Without these added controls, users may not always realize they have logged in as a root user and could accidentally delete files.
Best Practice #6:Automated Log File Monitoring
Because Linux/Unix servers generate enormous amounts of log file data, it's impossible to try and monitor log files manually. You need an automated tool that can track certain messages or errors, including the Syslog file. You should be able to search for specific messages or strings in order to identify and flag certain messages. for example, if a user is trying to access a server remotely, Your tool should generate an alert that is sent to you as the administrator. The same applies to application log files, whereby the tool can alert you to specific application log file errors.
Best Practice #7:Process Monitoring
It's important for you to recognize which processes are currently running on Your Linux/Unix servers at any time, including those processes that normally operate on Your systems. You should know the total number of processes running at any given time, which processes are running or terminated, and whether the total exceeds a preset threshold representing "normal" server activity. If a threshold is exceeded - say X number of processes at once - Your monitoring tools should generate an alert to make you aware of the server status.
This information can be critical to properly diagnosing system problems. Systems running much more slowly at certain periods during the day may indicate a rogue application process on a production server or a problem with Managing the activity of cron jobs, for example. In addition, proper process monitoring can identify "zombie processes" created by another process that has not properly terminated and is needlessly using valuable system resources.
Best Practice #8:Application Resource Management
Because Linux/Unix servers are typically configured to a specific application, such as an Oracle database or a Network File System, you as the administrator must be sure the intended application is getting the resources necessary to run. The only way to do this properly is to track the specific resources that critical applications are imposing on their servers in terms of memory and processing power over time. Knowing the consumption history of server CPU and memory can assist you in assessing trends and anticipating capacity changes in Your systems.
for example, if you notice that the CPU consumption for an Oracle database application has grown from 55% in the past month to 65% in the last week to 75% within the last 24 hours, you can justifiably predict that CPU utilization will quickly be maximized.

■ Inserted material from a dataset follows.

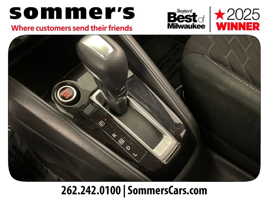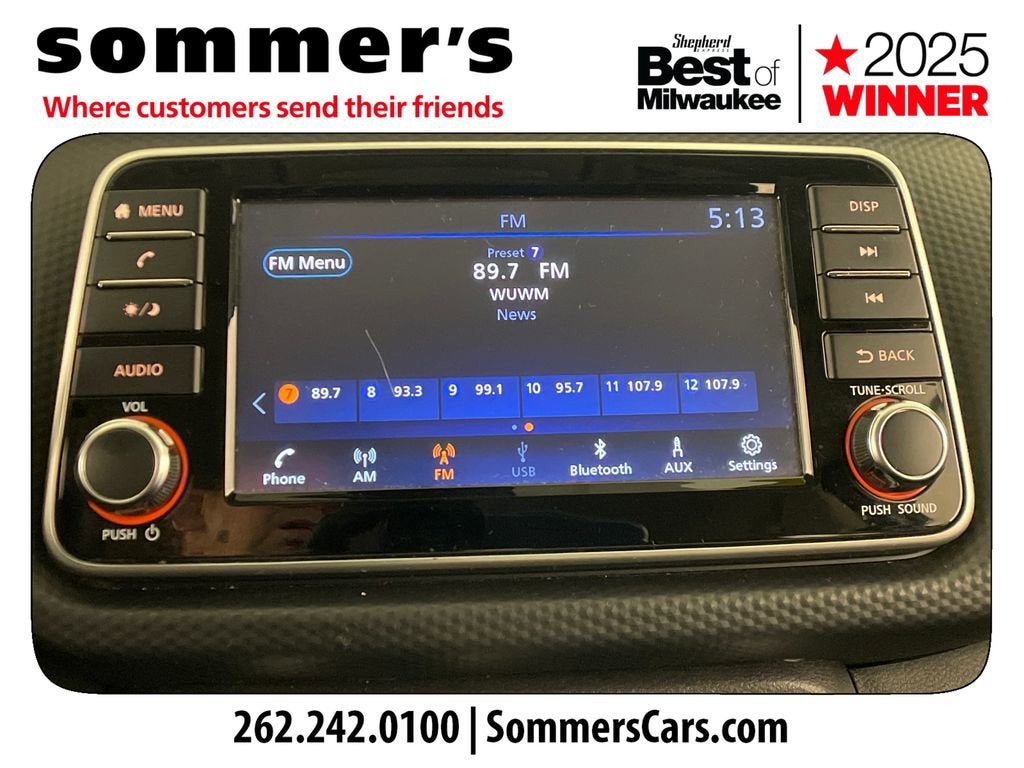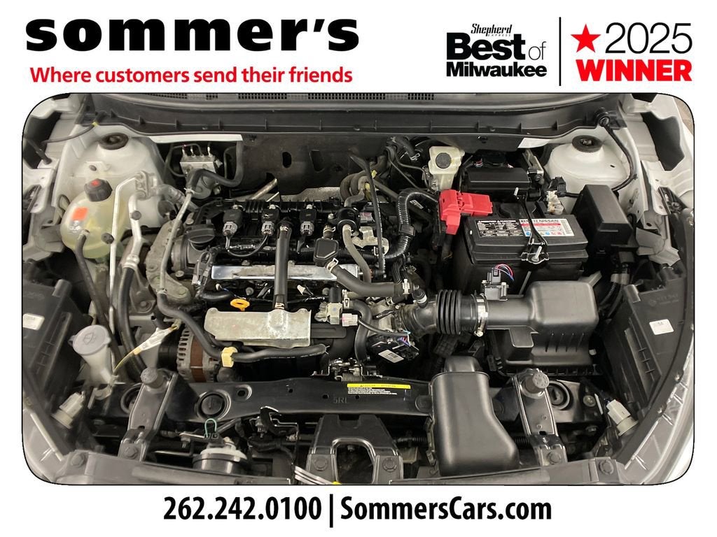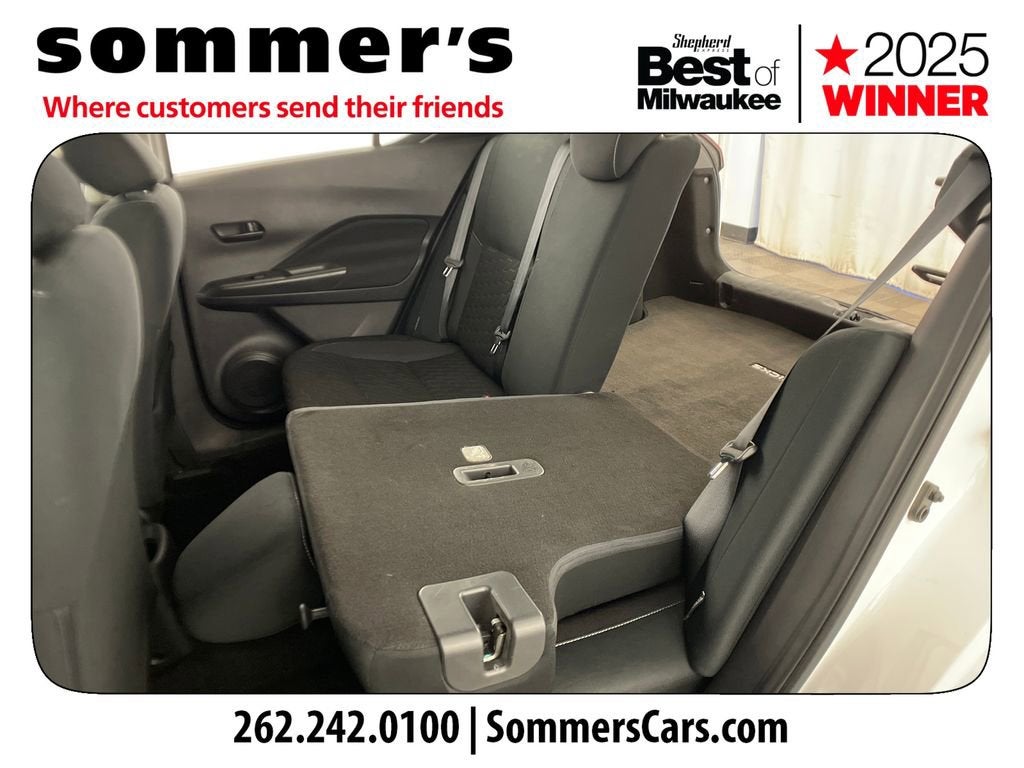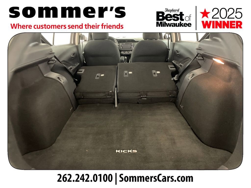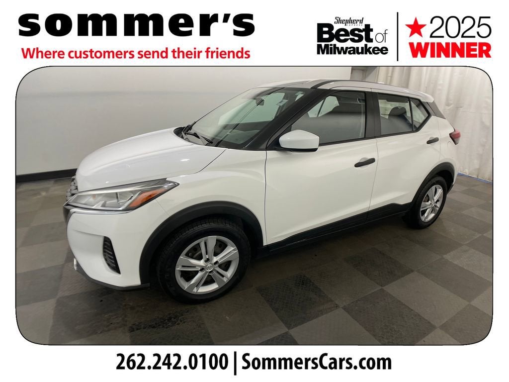 2021 Nissan Kicks S CVT FWD with Apple CarPlay, Android Auto, and 31/36 MPGFWD | 1.6L DOHC 16-Valve 4-Cylinder | Xtronic CVT | Apple CarPlay | Android Auto | Remote Keyless Entry w/Push Button Start | 7-in Color Display | Backup Camera | Bluetooth® | 16-in Steel Wheels w/Full Wheel Covers | Automatic Headlights | RearView Monitor | 31/36 City/Highway MPGPerformanceThe 1.6L 4-cylinder engine pairs with Nissan's Xtronic CVT for smooth, efficient power delivery. Front-wheel drive and 4-wheel disc brakes with ABS and Brake Assist support confident daily driving.Comfort & ConvenienceRemote keyless entry with push button start and air conditioning keep every drive simple and comfortable. Power windows and locks, cruise control with steering wheel controls, and 60/40 split rear seats add everyday versatility.TechnologyApple CarPlay and Android Auto integrate your smartphone through the 7-inch color display. Bluetooth® hands-free calling, streaming audio, SiriusXM capability, and a RearView Monitor enhance connectivity and visibility.SafetyAutomatic Emergency Braking with Pedestrian Detection, Forward Collision Warning, and Rear Automatic Braking help monitor traffic ahead and behind. Blind Spot Warning, Rear Cross Traffic Alert, Lane Departure Warning, and High Beam Assist add driver support.Exterior & InteriorSharp exterior styling features automatic headlights, variable intermittent wipers, heated power mirrors, rear spoiler, and 16-inch steel wheels with full covers. Inside, Charcoal cloth seating, adjustable steering wheel, and ample cargo space create a practical, comfortable cabin.Driving ExperienceLight, efficient, and easy to maneuver in city traffic and tight parking spaces.History SummaryCARFAX 1-Owner vehicle - personal vehicle.No accidents or damage reported.No Open Recalls reported.Last reported odometer reading: 41,517 miles.3N1CP5BV9ML465029Find this 2021 Nissan Kicks S CVT at Sommer's Automotive in Mequon, just north of Milwaukee serving Wisconsin drivers from Cedarburg, Grafton, Port Washington, Shorewood, Whitefish Bay, Fox Point, Bayside, Glendale, Wauwatosa, Brookfield, West Bend, Menomonee Falls, Germantown, Sussex, Hartford, Oconomowoc, Pewaukee, New Berlin, Franklin, Oak Creek, Racine, Kenosha, Muskego, Mukwonago, Hales Corners, Cudahy, South Milwaukee, and many more communities throughout the greater Milwaukee, Ozaukee County, Washington County, Waukesha County, and southeastern Wisconsin area.

In recognizing this situation, you may see that the business has been adding users of the application at a brisk pace and that the application may need to be moved to a larger server with more CPU capacity to accommodate the increased demand.
ConclusionEach of the Best Practices described here represents a more sophisticated level of performance and availability system accountability than the conventional general health measures that most administrators may be familiar with. However, as user demands on IT departments continue to increase and accelerate, these Best Practices are becoming the rule rather than the exception. fortunately, there are performance and availability tools available commercially that can help you automate these Best Practices and achieve the service levels required to maintain and enhance Your Linux/Unix systems.